US pharmaceutical company Merck reported better-than-expected quarterly revenue due to higher sales of its vaccines and cancer drug Keytruda, which won an early US approval on Monday for use in previously untreated lung cancer patients.
Shares of Merck, which also raised its full-year profit and revenue forecasts, were up 1.23 per cent at $61.50 in premarket trading on Tuesday. The second-largest US drugmaker is betting on Keytruda to boost earnings as expectations for the drug have been building since its success in treating selected untreated patients.
The approval from the US Food and Drug Administration confirms Merck’s leading position in the hot area of medicines that fight tumors by harnessing the body’s immune system. Annual sales of the drug are now expected to reach $8.1 billion in 2021, according to consensus forecasts compiled by Thomson Reuters. Third-quarter sales of Keytruda, which is already approved to treat advanced melanoma and some forms of lung cancer, rose to $356 million from $159 million, slightly below the consensus estimate of $376 million, according to Evercore ISI.

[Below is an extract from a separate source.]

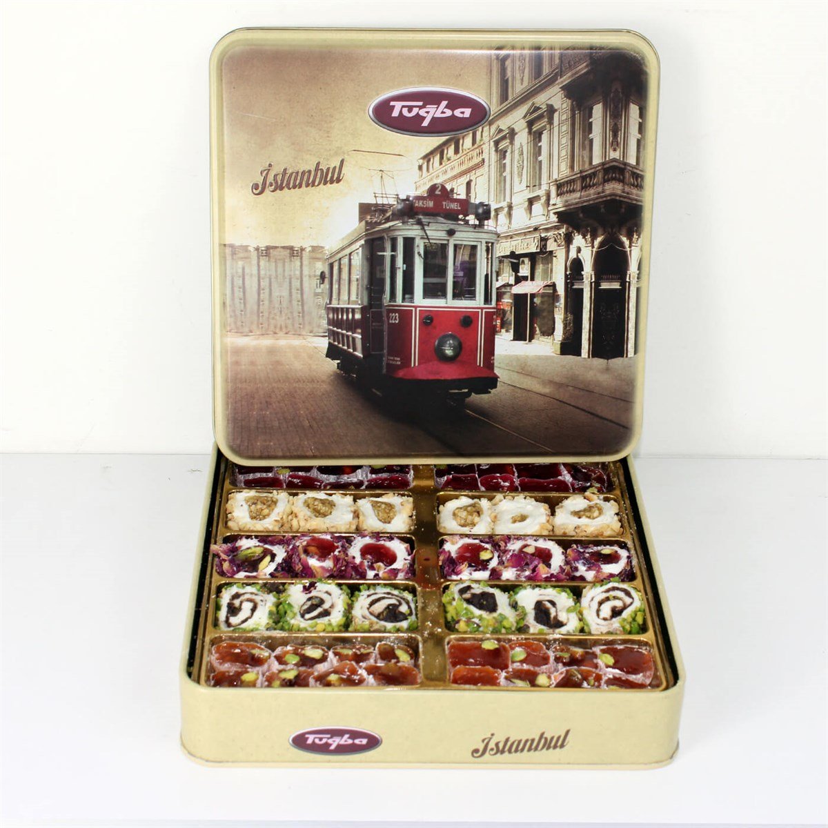 The Tuğba Kuruyemiş Mixed Turkish Delight offers a delightful selection of handcrafted treats made with flavors like pistachio, rose, and more. Each piece is carefully prepared using traditional ingredients, delivering a perfect balance of sweetness and texture. Elegantly packed in a decorative tin box, it’s ideal for sharing or savoring a taste of Turkey.

Merck said the company’s total sales increased 5 per cent to $10.54 billion, above analysts’ average estimate of $10.18 billion, according to Thomson Reuters I/B/E/S. Sales for its Gardasil vaccine rose 38 per cent to $860 million, well above Evercore’s consensus estimate of $635.6 million.
Merck’s stock had risen 15 per cent this year, compared with a 3.5 per cent fall in the S&P 500 Healthcare index.